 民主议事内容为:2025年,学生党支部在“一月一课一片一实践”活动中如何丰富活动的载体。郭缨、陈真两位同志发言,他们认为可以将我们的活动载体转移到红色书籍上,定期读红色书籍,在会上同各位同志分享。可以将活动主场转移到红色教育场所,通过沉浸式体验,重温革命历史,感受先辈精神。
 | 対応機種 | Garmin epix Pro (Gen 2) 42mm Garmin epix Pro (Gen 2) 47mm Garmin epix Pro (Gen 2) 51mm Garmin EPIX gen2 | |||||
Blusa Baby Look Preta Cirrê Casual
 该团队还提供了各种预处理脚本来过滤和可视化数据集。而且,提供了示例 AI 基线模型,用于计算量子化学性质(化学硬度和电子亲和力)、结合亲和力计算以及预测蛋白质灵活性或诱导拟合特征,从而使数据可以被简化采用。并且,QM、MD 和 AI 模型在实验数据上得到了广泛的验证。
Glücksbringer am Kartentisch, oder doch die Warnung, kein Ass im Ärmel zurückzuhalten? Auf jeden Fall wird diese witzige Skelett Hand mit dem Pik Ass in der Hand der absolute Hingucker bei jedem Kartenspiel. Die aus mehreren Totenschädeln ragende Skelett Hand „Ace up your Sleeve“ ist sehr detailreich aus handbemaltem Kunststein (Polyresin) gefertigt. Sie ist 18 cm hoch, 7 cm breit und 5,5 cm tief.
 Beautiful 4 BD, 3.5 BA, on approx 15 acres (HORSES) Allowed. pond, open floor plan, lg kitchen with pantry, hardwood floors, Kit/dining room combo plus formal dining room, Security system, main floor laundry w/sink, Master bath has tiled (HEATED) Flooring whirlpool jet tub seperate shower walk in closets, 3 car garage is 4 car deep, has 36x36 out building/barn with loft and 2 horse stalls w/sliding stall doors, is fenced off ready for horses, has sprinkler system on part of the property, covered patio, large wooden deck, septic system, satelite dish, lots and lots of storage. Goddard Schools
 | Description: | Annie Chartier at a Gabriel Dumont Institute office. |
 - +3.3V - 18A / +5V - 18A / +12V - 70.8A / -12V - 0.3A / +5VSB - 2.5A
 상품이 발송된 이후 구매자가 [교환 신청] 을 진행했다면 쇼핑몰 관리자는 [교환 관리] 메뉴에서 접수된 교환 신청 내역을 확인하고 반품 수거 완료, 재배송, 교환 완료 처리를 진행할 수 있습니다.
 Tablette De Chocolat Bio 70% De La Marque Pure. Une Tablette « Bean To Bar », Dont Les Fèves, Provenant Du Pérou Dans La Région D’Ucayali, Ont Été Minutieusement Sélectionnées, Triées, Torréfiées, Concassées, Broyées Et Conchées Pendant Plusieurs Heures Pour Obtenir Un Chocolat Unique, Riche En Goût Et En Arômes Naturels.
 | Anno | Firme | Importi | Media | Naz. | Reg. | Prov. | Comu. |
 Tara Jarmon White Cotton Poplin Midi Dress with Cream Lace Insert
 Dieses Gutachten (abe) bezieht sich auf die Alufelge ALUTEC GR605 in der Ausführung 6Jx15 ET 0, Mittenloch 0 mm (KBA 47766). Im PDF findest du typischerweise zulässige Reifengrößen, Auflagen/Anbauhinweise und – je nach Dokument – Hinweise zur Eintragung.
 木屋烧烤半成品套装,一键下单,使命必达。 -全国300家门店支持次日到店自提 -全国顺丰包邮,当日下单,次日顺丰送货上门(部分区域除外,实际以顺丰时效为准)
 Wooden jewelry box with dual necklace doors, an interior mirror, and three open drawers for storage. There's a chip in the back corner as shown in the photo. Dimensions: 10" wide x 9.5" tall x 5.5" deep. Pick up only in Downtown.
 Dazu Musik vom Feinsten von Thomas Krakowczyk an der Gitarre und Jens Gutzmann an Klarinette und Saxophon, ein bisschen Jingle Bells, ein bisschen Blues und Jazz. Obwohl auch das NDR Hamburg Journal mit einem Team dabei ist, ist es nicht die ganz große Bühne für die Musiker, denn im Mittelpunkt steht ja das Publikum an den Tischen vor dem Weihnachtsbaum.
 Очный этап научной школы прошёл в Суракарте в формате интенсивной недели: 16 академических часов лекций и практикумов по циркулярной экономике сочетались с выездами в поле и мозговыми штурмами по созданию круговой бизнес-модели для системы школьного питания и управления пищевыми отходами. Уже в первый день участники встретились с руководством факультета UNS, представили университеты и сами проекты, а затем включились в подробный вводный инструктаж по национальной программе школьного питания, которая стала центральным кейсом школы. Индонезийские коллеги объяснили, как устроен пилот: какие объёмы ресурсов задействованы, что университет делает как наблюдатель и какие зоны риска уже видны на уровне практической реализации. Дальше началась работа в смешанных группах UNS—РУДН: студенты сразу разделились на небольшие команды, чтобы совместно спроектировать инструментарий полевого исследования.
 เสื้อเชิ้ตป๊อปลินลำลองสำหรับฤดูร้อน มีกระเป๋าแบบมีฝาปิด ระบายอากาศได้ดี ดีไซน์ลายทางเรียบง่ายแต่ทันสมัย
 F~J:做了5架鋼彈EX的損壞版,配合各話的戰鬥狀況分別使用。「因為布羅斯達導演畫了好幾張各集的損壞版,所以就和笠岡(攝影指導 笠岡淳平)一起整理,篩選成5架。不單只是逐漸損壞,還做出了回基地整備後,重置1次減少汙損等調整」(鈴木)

> **What to work on**: Please work out the number of lines in the listing that hold "doors". Nothing besides the number is wanted.

> **Your solution**: 2